--- What to produce ---
The material below holds pictures; leave them out and reproduce exactly the lines from the one with "AK Villingen /" through the one with "9) 페이코 포인트 충전", inclusive.
#### Extracted data
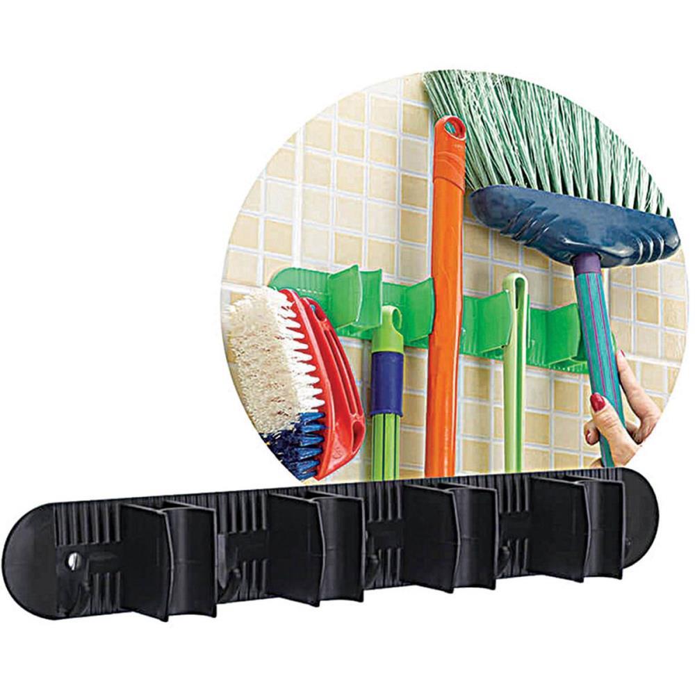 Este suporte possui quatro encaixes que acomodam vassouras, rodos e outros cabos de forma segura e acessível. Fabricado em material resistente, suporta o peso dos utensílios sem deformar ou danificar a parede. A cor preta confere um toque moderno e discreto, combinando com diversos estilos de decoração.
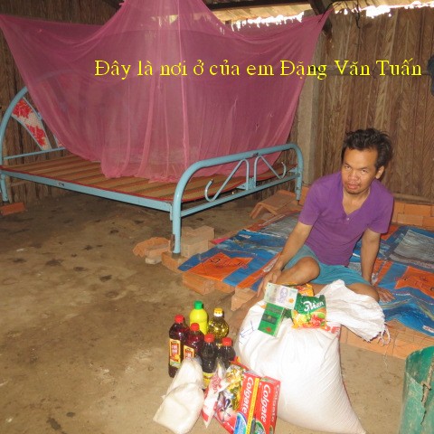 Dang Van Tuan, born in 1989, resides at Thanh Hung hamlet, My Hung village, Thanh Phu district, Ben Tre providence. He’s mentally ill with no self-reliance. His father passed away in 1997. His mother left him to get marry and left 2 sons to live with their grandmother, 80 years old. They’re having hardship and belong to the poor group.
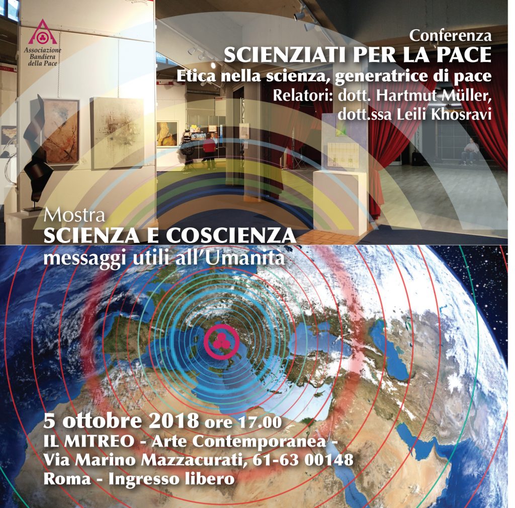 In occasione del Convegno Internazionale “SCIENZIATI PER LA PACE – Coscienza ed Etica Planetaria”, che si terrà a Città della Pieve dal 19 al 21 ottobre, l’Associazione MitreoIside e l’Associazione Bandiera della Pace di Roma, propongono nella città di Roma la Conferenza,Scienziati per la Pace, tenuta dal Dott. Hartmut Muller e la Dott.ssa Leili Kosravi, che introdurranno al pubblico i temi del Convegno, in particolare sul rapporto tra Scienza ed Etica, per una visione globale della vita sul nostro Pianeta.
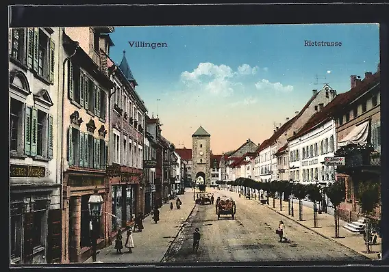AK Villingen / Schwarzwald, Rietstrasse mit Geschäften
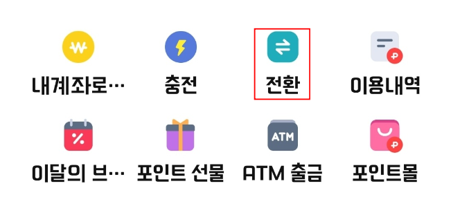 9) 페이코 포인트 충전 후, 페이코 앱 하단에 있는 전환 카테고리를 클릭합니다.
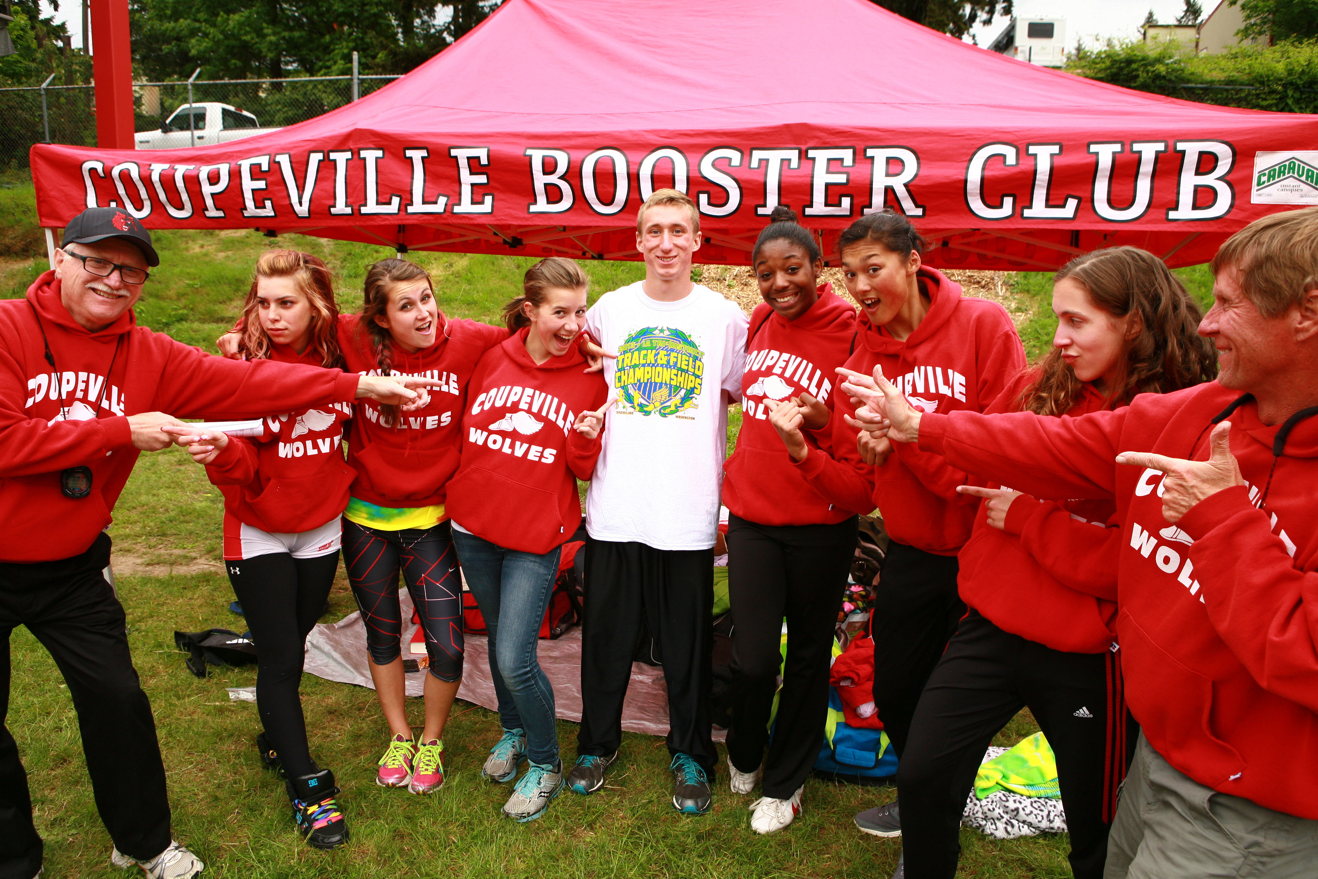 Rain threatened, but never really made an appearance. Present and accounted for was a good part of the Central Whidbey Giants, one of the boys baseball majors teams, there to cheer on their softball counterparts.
########
#### Extracted data
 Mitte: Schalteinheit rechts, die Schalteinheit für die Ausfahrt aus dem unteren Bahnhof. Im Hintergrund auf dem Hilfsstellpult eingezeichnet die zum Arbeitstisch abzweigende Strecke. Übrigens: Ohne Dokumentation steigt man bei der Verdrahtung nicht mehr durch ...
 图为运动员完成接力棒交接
########
--- Solved problem ---
AK Villingen / Schwarzwald, Rietstrasse mit Geschäften
 9) 페이코 포인트 충전 후, 페이코 앱 하단에 있는 전환 카테고리를 클릭합니다.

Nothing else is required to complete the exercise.